A DARPA-funded research team has created a novel neural-recording device that can be implanted into the brain through blood vessels, eliminating the need for invasive surgery and the risks associated with breaching the blood-brain barrier. The technology was developed under DARPA's Reliable Neural-Interface Technology (RE-NET) program, and offers new potential for safely expanding the use of brain-machine interfaces to treat physical disabilities and neurological disorders.

In "Minimally Invasive Endovascular Stent-Electrode Array for High-Fidelity, Chronic Recordings of Cortical Neural Activity," published in the journal Nature Biotechnology, researchers in the Vascular Bionics Laboratory at the University of Melbourne led by neurologist Thomas Oxley, M.D., describe proof-of-concept results from a study conducted in sheep that demonstrate high-fidelity measurements taken from the motor cortex — the region of the brain responsible for controlling voluntary movement — using a novel device the size of a small paperclip.

This new device, which Oxley's team dubbed the "stentrode," was adapted from off-the-shelf stent technology — a familiar therapeutic tool for clearing and repairing blood vessels — to include an array of electrodes. The researchers also addressed the dual challenge of making the device flexible enough to safely pass through curving blood vessels, yet stiff enough that the array can emerge from the delivery tube at its destination.

Whereas traditional electrode arrays are implanted into the brain through a surgical procedure that requires opening the skull, the stentrode is delivered via catheter angiography, a much lower-risk procedure. The catheter is inserted into a blood vessel in the neck. Researchers then use real-time imaging to guide the stentrode to a precise location in the brain, where the stentrode then expands and attaches to the walls of the blood vessel to read the activity of nearby neurons. The stentrode technology leverages well-established techniques from the field of endovascular surgery, which uses blood vessels as portals for accessing deep structures while greatly reducing trauma associated with open surgery. Endovascular techniques are routinely used for surgical repair of damaged blood vessels and for installation of devices such as stents and stimulation electrodes for cardiac pacemakers.

For this study, the research team placed the stentrode in a superficial cortical vein overlying the motor cortex, where it could detect electrical signals generated by upper motor neurons in the brain that signal information about movement.

"DARPA has previously demonstrated direct brain control of a prosthetic limb by paralyzed patients fitted with penetrating electrode arrays implanted in the motor cortex during traditional open-brain surgery," says Doug Weber, the program manager for RE-NET. "By reducing the need for invasive surgery, the stentrode may pave the way for more practical implementations of those kinds of life-changing applications of brain-machine interfaces."

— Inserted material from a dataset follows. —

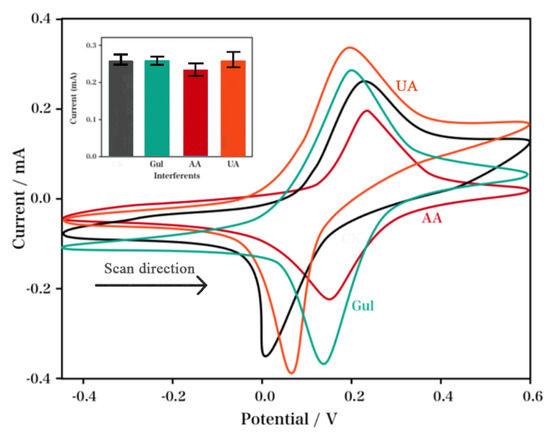 The specificity of CPE/TiO2/(CS+AuNPs)/anti-ProGRP/BSA/ProGRP was investigated by incubating this immunoelectrode with 15 μL of pathogens and metabolites, including 300 ng/mL of ProGRP, 5 mM of ascorbic acid, 5 mM of uric acid, and 5 mM of glucose. As shown in Figure 4, after these pathogens were added into the proposed electrode, the electrochemical response showed no variations during the experiments, which suggested that the probe for ProGRP was highly specific.

The published results demonstrate measurement of brain signals with the stentrode that are quantitatively similar to measurements made by commercially available surface electrocorticography arrays implanted during open-brain surgery. Additionally, the study achieved chronic recordings in freely moving sheep for up to 190 days, indicating that implantation of the device could be safe for long-term use.

The research team is planning the first in-human trial of the stentrode in 2017 at the Royal Melbourne Hospital in Melbourne, Australia.

The Nature Biotechnology article is authored by Thomas J. Oxley, Nicholas L. Opie, Sam E. John, Gil S. Rind, Stephen M. Ronayne, Tracey L. Wheeler, Jack W. Judy, Alan J. McDonald, Anthony Dornom, Timothy J.H. Lovell, Christopher Steward, David J. Garrett, Bradford A. Moffat, Elaine H. Lui, Nawaf Yassi, Bruce C.V. Campbell, Yan T. Wong, Kate E. Fox, Ewan S. Nurse, Iwan E. Bennett, Sébastien H. Bauquier, Kishan A. Liyanage, Nicole R. van der Nagel, Piero Perucca, Arman Ahnood, Katherine P. Gill, Bernard Yan, Leonid Churilov, Christopher R. French, Patricia M. Desmond, Malcolm K. Horne, Lynette Kiers, Steven Prawer, Stephen M. Davis, Anthony N. Burkitt, Peter J. Mitchell, David B. Grayden, Clive N. May, and Terence J. O'Brien.

Co-funding and support for the development of the stentrode and ensuing pre-clinical trials was provided by the U.S. Office of Naval Research Global.